* **WHAT TO WORK ON**
Once you find the line with "The recessed lights" in the data below, transcribe exactly each line from there to the line with "The DEWALT DCD470", inclusive, and nothing else. Drop the pictures.

* **MATERIAL TO PROCESS**
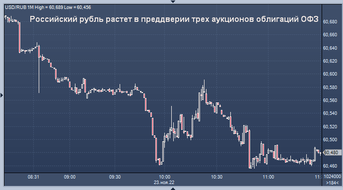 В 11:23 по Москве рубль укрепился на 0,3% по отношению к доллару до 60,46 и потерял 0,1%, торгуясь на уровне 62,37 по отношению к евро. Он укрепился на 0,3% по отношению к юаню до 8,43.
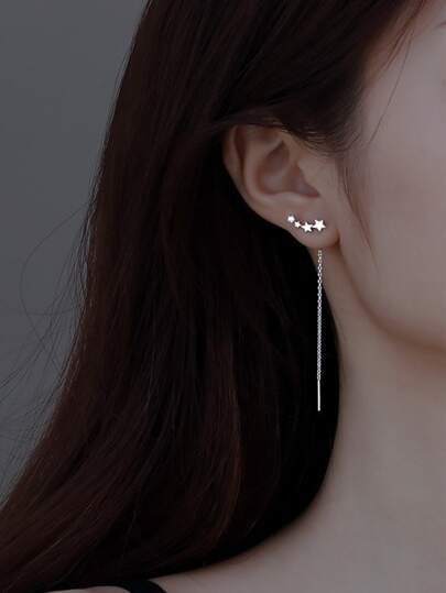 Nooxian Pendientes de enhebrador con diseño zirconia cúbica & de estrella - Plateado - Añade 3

* * *

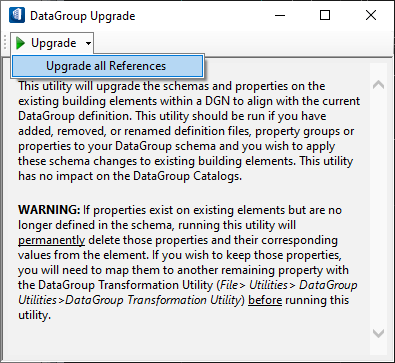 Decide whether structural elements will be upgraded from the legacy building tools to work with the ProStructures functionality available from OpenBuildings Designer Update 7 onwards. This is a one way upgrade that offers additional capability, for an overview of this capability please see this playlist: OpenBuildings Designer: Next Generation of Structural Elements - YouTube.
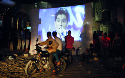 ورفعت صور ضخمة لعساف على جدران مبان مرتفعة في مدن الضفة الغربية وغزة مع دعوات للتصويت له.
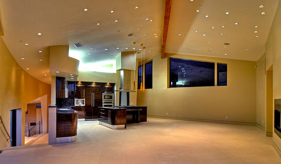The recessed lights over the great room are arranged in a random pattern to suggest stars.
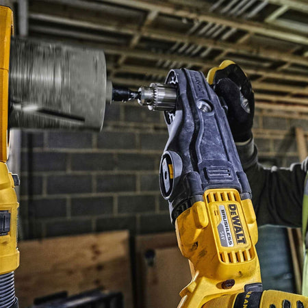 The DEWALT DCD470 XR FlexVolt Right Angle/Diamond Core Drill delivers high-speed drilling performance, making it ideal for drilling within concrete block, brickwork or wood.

* **WRITTEN ANSWER**
The recessed lights over the great room are arranged in a random pattern to suggest stars.
 The DEWALT DCD470 XR FlexVolt Right Angle/Diamond Core Drill delivers high-speed drilling performance, making it ideal for drilling within concrete block, brickwork or wood.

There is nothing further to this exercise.